Fig. 4. NFYA enhances lipogenesis by transcriptional activation of ACACA and FASN.

a A diagram illustrating the reaction of lipogenesis and FAO. b–d qRT-PCR (b, c) and western blot analysis (d) of the expression levels of differentially expressed genes (b; Lipogenesis-related genes, c; FAO-related genes) in NFYA^+/+ and NFYA^−/− SUM159 cells treated with or without lipid mixture. N = 3 biologically independent experiments for qRT-PCR. e CUT&RUN assay to evaluate the association of NFYA with the promoter of ACACA and FASN in NFYA^+/+ and NFYA^−/− SUM159 cells treated with or without lipid mixture. Input or eluted chromatin was subjected to qRT-PCR analysis using promoter-specific primers. Data represents the % input of the immunoprecipitated chromatin for each gene. N = 3 biologically independent experiments. f Western blot analysis of FASN, ACACA, and CPT1A expression in NFYAv1 or NFYAv2 overexpressed NFYA-deficient SUM159 cells. All error bars represent SEM; n.s. not significant; *P < 0.05; **P < 0.01; ***P < 0.001.
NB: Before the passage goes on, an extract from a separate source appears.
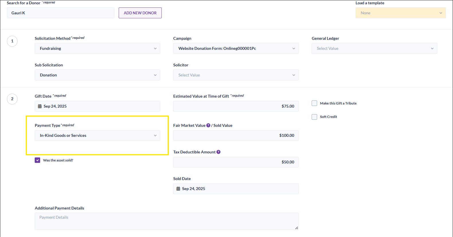 When recording a new gift in Donor CRM, select the Payment Type for In-Kind Goods or Services. Fill in the Gift Date and Estimated Value at Time of Gift.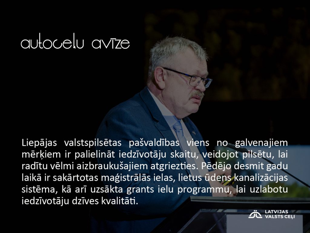 Liepājā bija lielas problēmas ar applūstošām ielām un pat teritorijām. Piemēram, Vecliepājā, kurā ietilpst arī Liepājas vēsturiskais centrs, faktiski nebija izbūvēta lietus ūdens kanalizācijas sistēma. Tā bija kopējā sistēmā ar sadzīves kanalizāciju. Tagad tā ir izbūvēta daudzās vietās un būtiski samazinājušas problēmu ar applūšanu. Mēs ejam uz to, ka pilsētā lietus ūdens kanalizācijas sistēmai ir jābūt nodalītai no sadzīves kanalizācijas sistēma, tas samazina arī attīrīšanas iekārtu noslodzi. Ja 2007. gadā lietus ūdens kanalizācija bija aptuveni 50 km, tad šobrīd tā ir aptuveni divas reizes garāka. Ir rajoni, kur izveidotas arī grāvju sistēmas. Vēl realizējam iekškvartālu programmu, kuras ietvaros sakārtojam pašvaldībai piederošās ielas dzīvojamo māju rajonos. Es teiktu, ka šī programma faktiski jau ir noslēgusies. Savukārt otra programma ir saistīta ar dzīvojamo māju iekšpagalmu sakārtošanu, kas ietver arī bērnu laukumu, apstādījumu, soliņu ierīkošanu. Programmu uzsāka 2013.gadā un vidēji katru gadu no pašvaldības budžeta tiek piešķirti aptuveni 600 tūkstoši eiro. Liepājā ir ļoti aktīva neredzīgo biedrība. Vēl pirms 2000. gada luksoforus pilsētā jau sākām aprīkot ar skaņu. Tagad tā ir kļuvusi par normu un nav jautājumu, ka varētu būt savādāk. Es domāju, ka Latvijā mēs bijām pirmie, kas Apbūves noteikumos jau 2012. gadā iekļāva stingras prasības vadlīniju izbūvei ietvēs. Arī pludmalē ir komplekss, kur ir iespēja cilvēkiem ar kustību traucējumiem var ar ratiņkrēslu iebraukt jūrā, bet arī neredzīgs cilvēks var iet peldēties. Ir audioboju sistēma un neredzīgs cilvēks bet saprot, kur ir krasts un kur ir jūra. Šī iespēja tika izveidota 2014 gadā, un tad kaut kas līdzīgs bija tikai Somijā un Francijā. Tāpat ir pielāgota arī tualete, pārģērbšanās vieta, bet pludmales laipām ir atbilstošs krāsojums. Man ir liels prieks un gandarījums, ka varam realizēt šādus projektus.

Fig. 5. Nfyav1 enhances tumorigenesis via the regulation of ACACA and Fasn expression in vivo.

a Diagram of endogenous Nfya gene structure and Nfyav1 knockout structure. Using the CRISPR/Cas9 system with two gRNAs targeted intron 2 and 3, we deleted the exon 3 from genome DNA. b, c Confirming loss of Nfyav1 expression in mouse mammary epithelial cells. Littermate-controlled 8-weeksNfyav1^+/+, Nfyav1^+/−, and Nfyav1^−/− mice were analyzed by qRT-PCR (b) and western blot analysis (c) to qualify the expression of Nfyav1. N = 3 biologically independent experiments. All error bars represent SEM; *P < 0.05; ***P < 0.001. d Genotypes of offspring from Nfyav1^−/− mouse intercrosses. e Body wight of mice at 8-week-old for Nfyav1^+/+, Nfyav1^+/−, and Nfyav1^−/−. N = 5 for Nfyav1^+/+ mice, N = 7 for Nfyav1^+/− and Nfyav1^−/− mice biologically independent animals. f Kaplan–Meier survival curve for Nfyav1^+/+, Nfyav1^+/−, and Nfyav1^−/−. N = 6 for Nfyav1^+/+ and Nfyav1^+/− mice, N = 10 for Nfyav1^−/− mice biologically independent animals. g Kaplan–Meier analysis of tumour-free mice for MMTV-PyMT; Nfyav1^+/+ (blue) and MMTV-PyMT; Nfyav1^−/− (red). N = 17 biologically independent animals. **P < 0.01. h Representative images of whole-mount carmine alum staining of MMTV-PyMT; Nfyav1^+/+ or MMTV-PyMT; Nfyav1^−/− mammary gland at 15-week-old. LN, lymph node. A bar graph shows the percentage of tumour area versus the total mammary fat pad in MMTV-PyMT; Nfyav1^+/+ or MMTV-PyMT; Nfyav1^−/− mice. N = 7 for MMTV-PyMT; Nfyav1^+/+ mice, N = 5 for MMTV-PyMT; Nfyav1^−/− mice biologically independent animals. Scale bars indicate 5 mm and 1.5 mm. *P < 0.05. i Breast cancer sections from both genotypes were stained with Fasn (panels i–iv) and Acaca (panels v–viii). Scale bars: 10× images, panels i, ii, v, vi, 150 µm; 40× images, panels iii, iv, vii, viii, 50 µm. j Protein expression analysis in PyMT-induced tumours from Nfyav1^+/+ or Nfyav1^−/− mice.